Il processo di primo grado per l’omicidio di Antonio Natale, il pusher ventiduenne ucciso il 4 ottobre 2021 nel Parco Verde di Caivano, si è concluso con le sentenze emesse dalla Corte d’Assise di Napoli. Emanuele D’Agostino ed Emanuele Ricci sono stati condannati entrambi a 28 anni di reclusione. Pene più lievi, pari a 16 anni, sono state inflitte a Domenico Bervicato, Carlo Avventurato, Bruno Avventurato e Gennaro Pacilio, in virtù di una limitata collaborazione offerta durante le indagini.

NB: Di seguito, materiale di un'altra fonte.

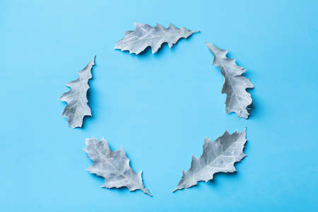 Creative Christmas winter autumn fall day composition with decorative dried leaves. Flat lay, top view, copy space, still life blue pastel background for greeting card
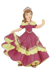 Am I pretty enough to dance with the Prince? Dressed in her pretty dark pink and green gown she loves to show off her matching green petiticoats. This demure Princess has long auburn hair with a shiny pink crown. Her shiny shoes match the pink in her gown and she is ready to dance!

La decisione del tribunale ha suscitato diverse reazioni. L’avvocato Maurizio Raggi ha espresso insoddisfazione per la pena inflitta ai suoi assistiti che hanno collaborato, definendola “troppo sfavorevole” in rapporto a una collaborazione che, a suo dire, si è limitata alla confessione di fatti già ampiamente provati dalle forze dell’ordine e dai magistrati. Parallelamente, la famiglia della vittima si è dichiarata “sconcertata” dal fatto che agli imputati siano state riconosciute le attenuanti generiche.
La vicenda era iniziata con la scomparsa improvvisa di Antonio Natale, per la quale si era mobilitato l’intero quartiere di Caivano. Nonostante gli appelli e una fiaccolata, il forte sospetto di omicidio era persistente, tanto che la madre si era rivolta direttamente ai killer per richiedere la restituzione del corpo. Il cadavere del giovane, in avanzato stato di decomposizione, venne infine ritrovato presso un campo rom non autorizzato a Casola, vicino ai Regi Lagni. L’indagine ha accertato che Natale era stato assassinato proprio il giorno della sua scomparsa, dopo aver detto alla madre che sarebbe andato a Napoli.